Par un pourvoi sommaire, un mémoire complémentaire et un mémoire en réplique, enregistrés les 3 avril, 3 mai et 23 décembre 2024 au secrétariat du contentieux du Conseil d'Etat, M. et Mme H... demandent au Conseil d'Etat :
1°) d'annuler ce jugement en tant qu'il déclare que la déclaration préalable de division présentée le 10 septembre 2012 était caduque le 3 mars 2021, date de signature de leur promesse de vente avec M. et Mme F..., et que le projet de ces derniers ne bénéficiait pas des dispositions de l'article L. 442-14 du code de l'urbanisme ;
2°) réglant l'affaire au fond, de déclarer que leur déclaration préalable de division n'était pas caduque à la date du 3 mars 2021 et que le projet de construction de M. et Mme F... bénéficiait des dispositions de l'article L. 442-14 du code de l'urbanisme ;
3°) de mettre à la charge de M. et Mme F... la somme de 4 000 euros au titre de l'article L. 761-1 du code de justice administrative.

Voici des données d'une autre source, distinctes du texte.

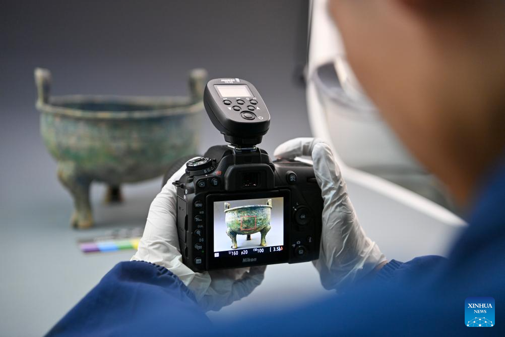 Cultural relics restorer Zhang Zhengmin takes a photo of a bronze ware at Shanxi Museum in Taiyuan, north China's Shanxi Province, May 17, 2024. (Xinhua/Yang Chenguang)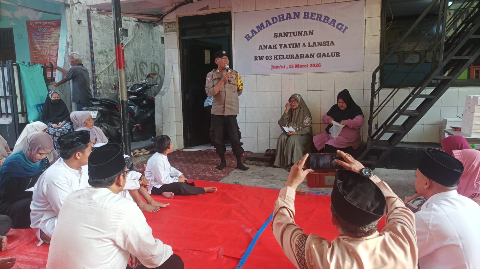 Kegiatan tersebut dilaksanakan pada Jumat, 13 Maret 2026 pukul 16.00 WIB bertempat di Balai Warga RW 03, Jalan Topaz, Kelurahan Galur, Kecamatan Johar Baru, Jakarta Pusat. Dalam kegiatan ini, Bhabinkamtibmas Kelurahan Galur Aiptu Baktiar turut hadir dan berbaur bersama warga dalam rangka mempererat silaturahmi serta memberikan dukungan kepada masyarakat.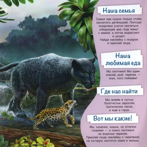 Энциклопедия для самых маленьких "Познакомимся поближе! Жители джунглей" с наклейками и викториной. Все животные на страницах этой книги! Прочитайте книгу, разверните клапаны и ответьте на вопросы викторины. Короткая и интересная информация о том, где живут разные животные, чем питаются и как ведут себя в детстве. После знакомства со всеми животными ребенок может ответить на вопросы викторины. Каждое животное расскажет о себе, а малышу нужно догадаться, кто это, и найти на листе наклеек его портрет. Ребенок узнает много нового и ему наверняка понравится приклеивать наклейки, чтобы заполнить страницы! Собрав всю серию наших энциклопедий с наклейками, малыш будешь знать всё о животном мире.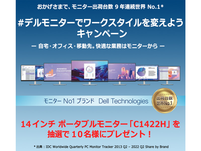 デル、14型モバイルモニターが抽選で10名に当たるSNSキャンペーン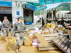 昨天一早大水消退后,蘇澳民眾在四千多名臺軍協(xié)助下,展開清理家園工作。蘇澳主要道路中山路上原本是雙線道,但因災民將家中受損的家具、沙發(fā),全部搬到大馬路暫時堆置,整個蘇澳市彷佛就像大型垃圾場般紊亂,加上軍用卡車、垃圾車、推土機不斷來回,過往交通一度受阻。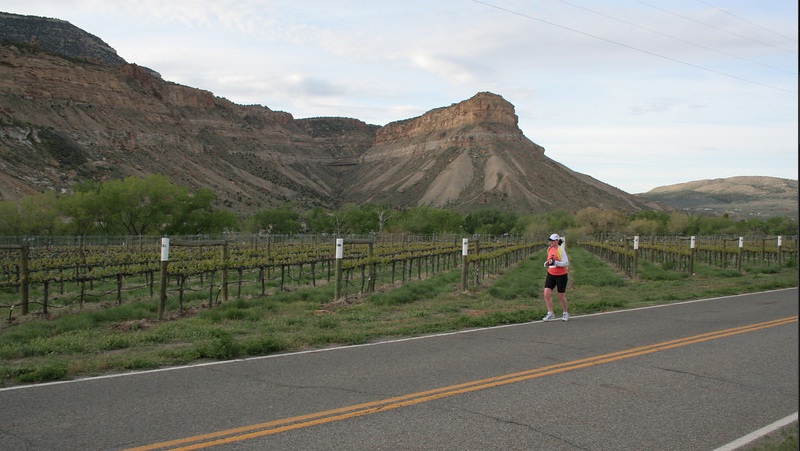 Miles 1-4 were great. I heard The Bird and the Worm by Owl City around mile 3 and was literally bopping my head back and forth while running. I'm sure I looked like an idiot, but I loved it. The weather was great, and for those who have ever been to Palisade, we ran by 14 different wineries with the Grand Mesa and Mount Garfield as our backdrop. I don't know how you can get much more beautiful than that.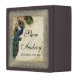NOTE: These are mini size boxes 3" square and 2 1/2" tall. The box is brown walnut colour, not black. COLOR PALETTE: silver metallic, tan, cream royal blue, green, and rust. DESIGN: This antique vintage inspired wedding collection has a complete ensemble of products and can be created in several colorways. If you would like it to match your wedding let us know via email and we'll be happy to assist you. This design consists of a stately peacock on a tree branch vintage art element layered three peacock feathers and over an angel etching, swirls, antique handwriting, hand painted lace overlaid parchment and a beautiful original art damask pattern. The background colour can be changed to match your wedding. Personalised with the bride and groom's names, perfect for bridal shower gifts, wedding gifts or to celebrate an anniversary!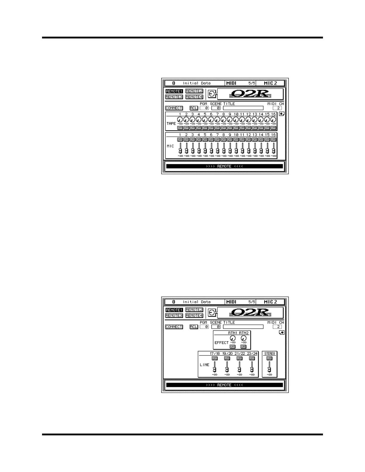 There are two pages for 02R remote control. Pages can be selected using the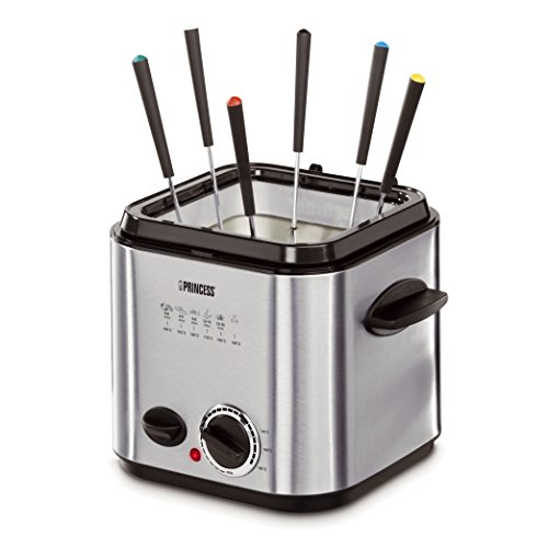 -. Title : Princess 2-in-1 Edelstahl Fondue Set - Mini-Fritteuse und klassisches Fondue in Einem inklusive 6 bunt markierter Fonduegabeln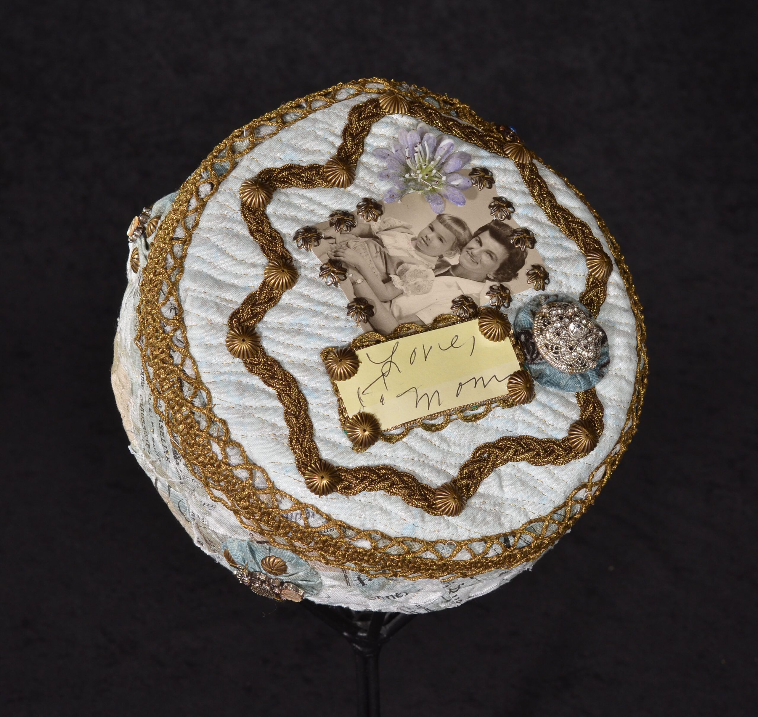 Image Statement: A pillbox hat, using my mother’s favorite color palette. Embellished with a photo of my mother and myself as a child, her signature from an old card, a flower from an arrangement and pieces of jewelry I had given her over the years. Vintage trim and beaded yo-yos complete the surface design.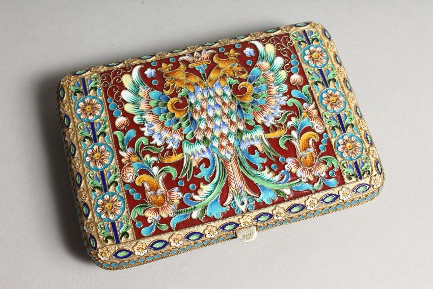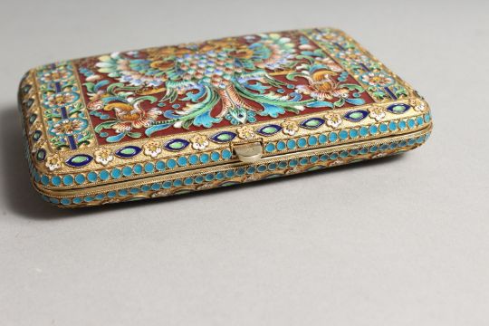 A SUPERB HEAVY RUSSIAN SILVER AND ENAMEL CIGARETTE CASE with double eagle
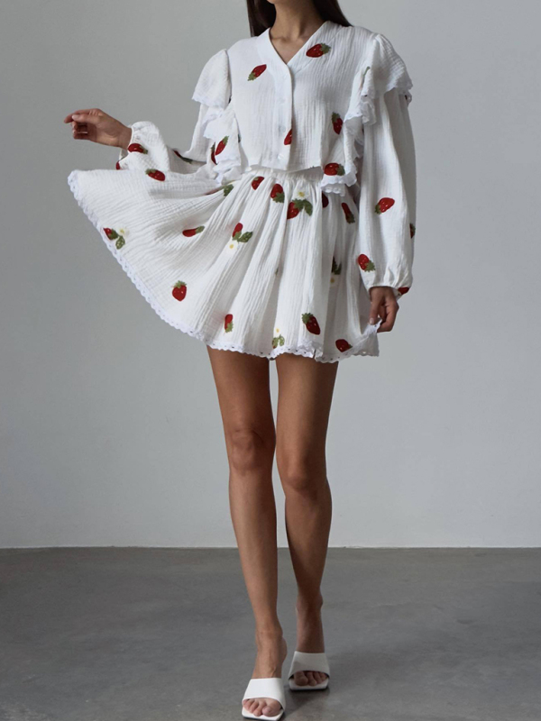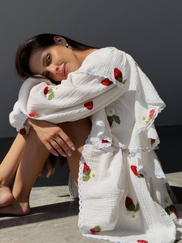 The new women’s ruffled strawberry print skirt suit home wear is suitable for many occasions. The simple design makes the boring season colorful and interesting. A variety of matching options make you confident and beautiful. Please use the sizing guide shown in our images. Please read each element of the sizing guide carefully before choosing a size. The size is measured manually, and there is an error of 1-3cm, which is normal. Key features include. – Comfortable fabric Can be worn casually every day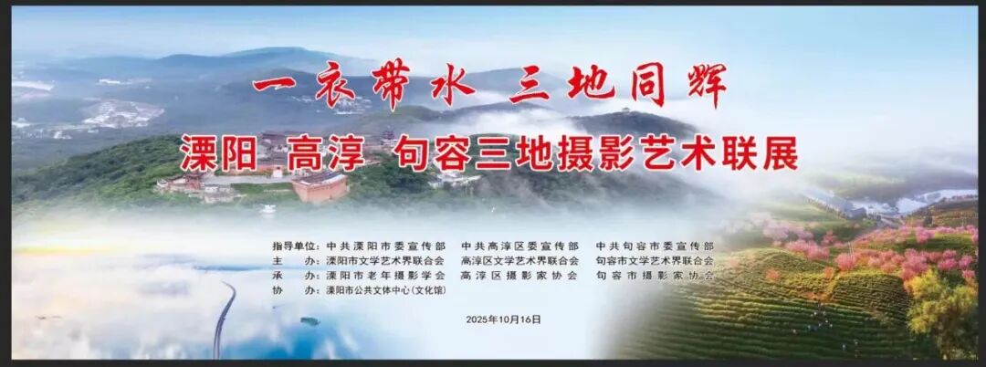 10月16日上午,溧阳、句容、高淳三地摄影联展在溧阳市美术馆举办。本次摄影艺术联展以“一衣带水·三地同辉”为主题,三地摄影人精心选送的120余幅佳作集中亮相,以镜头为笔、光影为墨,生动勾勒出江南山水的灵秀隽永与乡村振兴的时代新貌。

Vu les autres pièces du dossier ;
Vu :
- le code de l'urbanisme ;
- le code de justice administrative ;
Après avoir entendu en séance publique :
- le rapport de M. Jean-Luc Matt, maître des requêtes,
- les conclusions de M. Thomas Janicot, rapporteur public ;
La parole ayant été donnée, après les conclusions, à la SARL Gury, Maître, avocat de M. et Mme H... et à la SCP Rocheteau, Uzan-Sarano, Goulet, avocat de M. et Mme F... ;
Considérant ce qui suit :
1. Il ressort des pièces du dossier soumis aux juges du fond que M. et Mme H..., propriétaires d'un tènement supportant une maison d'habitation à Montélier, ont déposé le 10 septembre 2012 une déclaration préalable de division de ce tènement en quatre lots, dont trois à bâtir, et ont consenti le 3 mars 2021 une promesse unilatérale de vente à M. et Mme F... pour un de ces terrains, sous la condition suspensive de l'obtention par les bénéficiaires d'un permis de construire purgé de tout recours et de tout retrait administratif avant le 30 septembre 2021 pour la construction d'une maison individuelle à usage d'habitation de plain-pied avec garage d'une surface de plancher maximum de 150 mètres carrés. La demande de permis de construire présentée par M. et Mme F... ayant été refusée le 15 juillet 2021, ces derniers ont saisi le tribunal judiciaire de Valence d'une action en nullité de la promesse de vente. Par une ordonnance du 7 septembre 2023, le juge de la mise en état du tribunal judiciaire de Valence a sursis à statuer jusqu'à ce que la juridiction administrative se soit prononcée sur la caducité de l'arrêté du 5 février 2018 par lequel le maire de Montélier ne s'est pas opposé à la déclaration préalable de division d'un terrain initialement cadastré section YA n° 1 et, d'autre part, sur les conséquences, le cas échéant, de cette caducité sur la possibilité d'obtenir un permis de construire sur le terrain en litige. Par un jugement du 19 mars 2023, le tribunal administratif de Grenoble a jugé, en son article 1er, que la déclaration préalable de division était caduque le 3 mars 2021, date de signature de la promesse de vente et que le projet de M. et Mme F... ne bénéficiait pas des dispositions de l'article L. 442-14 du code de l'urbanisme et, en son article 2, que le projet était réalisable en zone UD du plan local d'urbanisme, sous réserve du respect des règles spécifiques d'urbanisme édictées par ce document. M. et Mme H... demandent l'annulation de l'article 1er de ce jugement.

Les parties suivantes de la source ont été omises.